On February 8th, Henningfield was one of the nine scientists who sent a letter to the DEA’s Acting Administrator, arguing that “the available science is clear that kratom, although having effects on opioid receptors in the brain, is distinct from classical opioids (e.g. morphine, heroin, oxycodone, etc.) in its chemistry, biological effects, and origin (kratom is a tree in the coffee family, not the opium family),” the letter reads. “It is our collective judgment that placing kratom into Schedule I will potentially increase the number of deaths of Americans caused by opioids.” The scientists added that the FDA’s association between kratom and deaths “cannot be supported by any reasonable scientific or medical standard.” Patterson has not responded to Henningfield.

This week, Gottlieb made another public declaration, rehashing that “kratom is not a safe, benign plant” and that manufacturers should not be misleading people into using it as a therapy to opioid addiction. “On the contrary, we have concerns that for some, kratom can become a gateway to continued addiction to opioids; or prevent some people from seeking safe and effective treatment for their addiction,” Gottlieb said.

So it appears that kratom’s future is mired in stalemate. The DEA lists the supplement as a “drug of concern.” But Herman keeps cynic’s faith that both the DEA and FDA will consider more research one day. “We’ll follow the science wherever it goes,” Herman says. “We hope they do the same thing.”

In a statement to Rolling Stone, the FDA says it already completed the scientific evaluation known as an “eight-factor analysis” for the DEA to decide whether and how to schedule kratom and finished the separate study using the PHASE method. The agency continues to review literature and research about kratom but, so far, there is no available research to change its opinion that the supplement is deadly. “The FDA stands ready to evaluate evidence that could demonstrate a medicinal purpose for kratom,” Meyer writes in an email. “However, to date, we have received no such submissions and are not aware of any evidence that would meet the agency’s standard for approval.”
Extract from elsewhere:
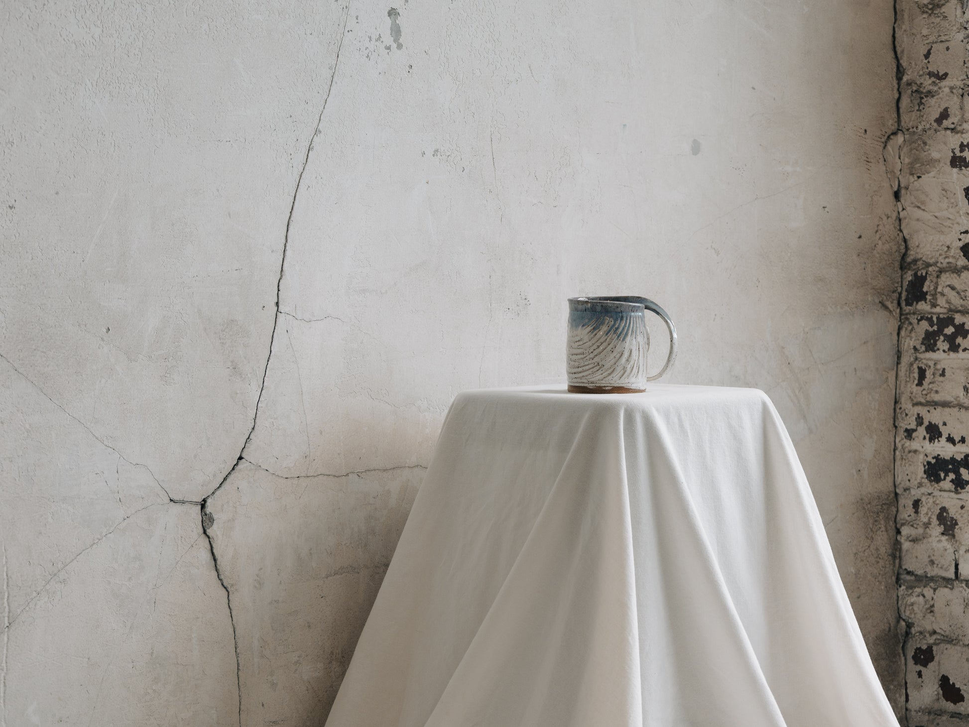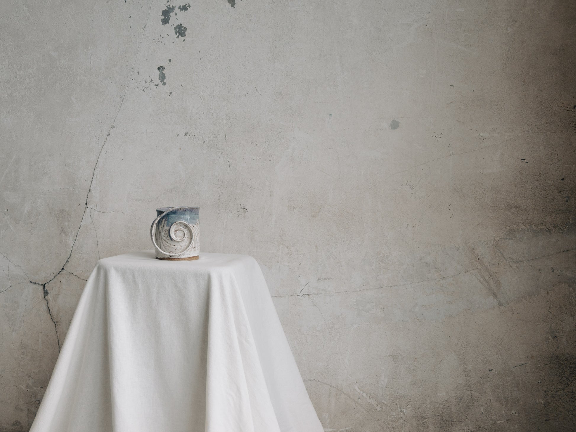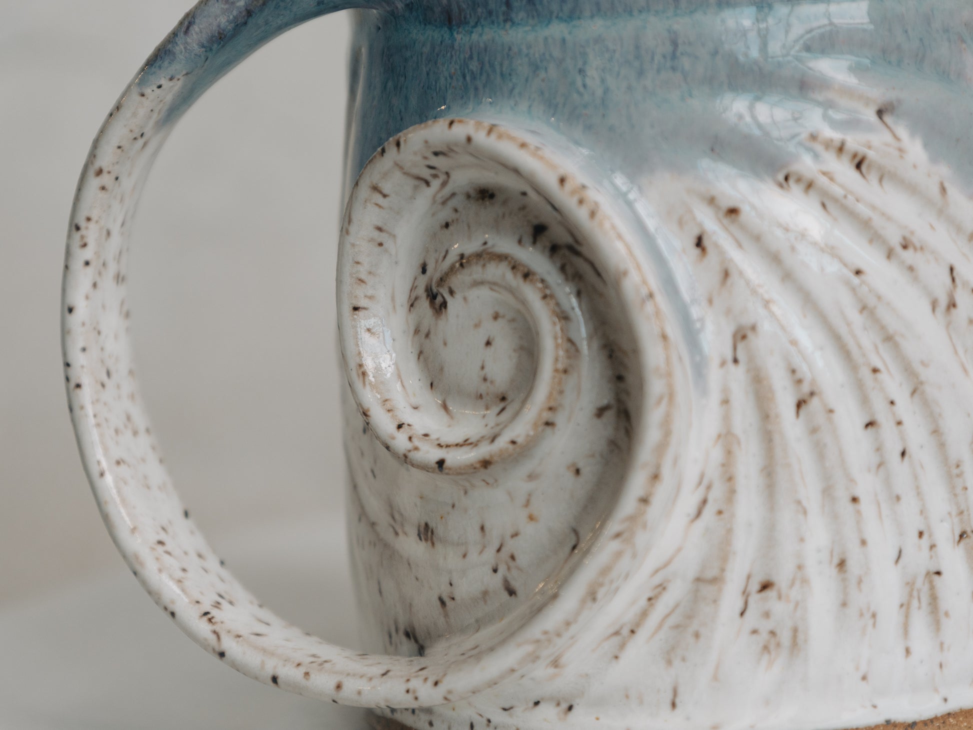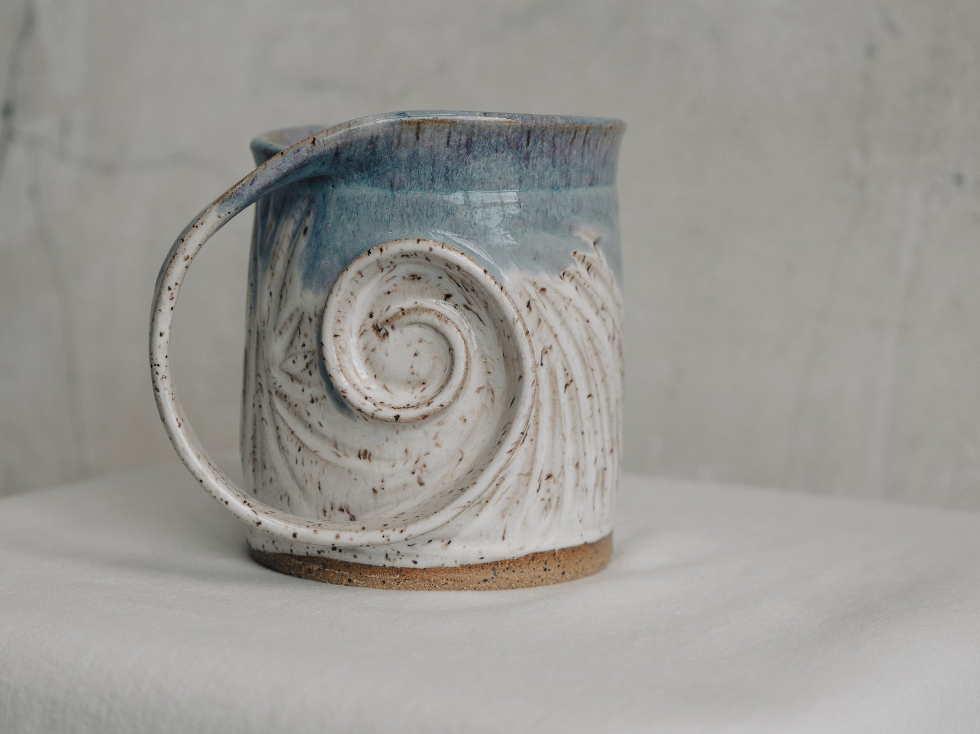 This lady is everything ethereal from the delicate carving across her body to the thin and elegant handle. A blend of cream and blue on the rim keep that light and airy feeling going. Holds 16oz. 5" tall x 5" around

Down in Austin, Pawelek is feeling good about using kratom. “Back home in Chicago, I drank, smoked weed, took vicodin and pain kills, and had anxiety through the roof,” Pawelek says. “I know where I was and I like where I’m at now. If someone told me kratom was addictive or caused death, I’d probably laugh in their face. Why would you want to ban something that works for people?”

This article has been updated to include an additional statement from the FDA.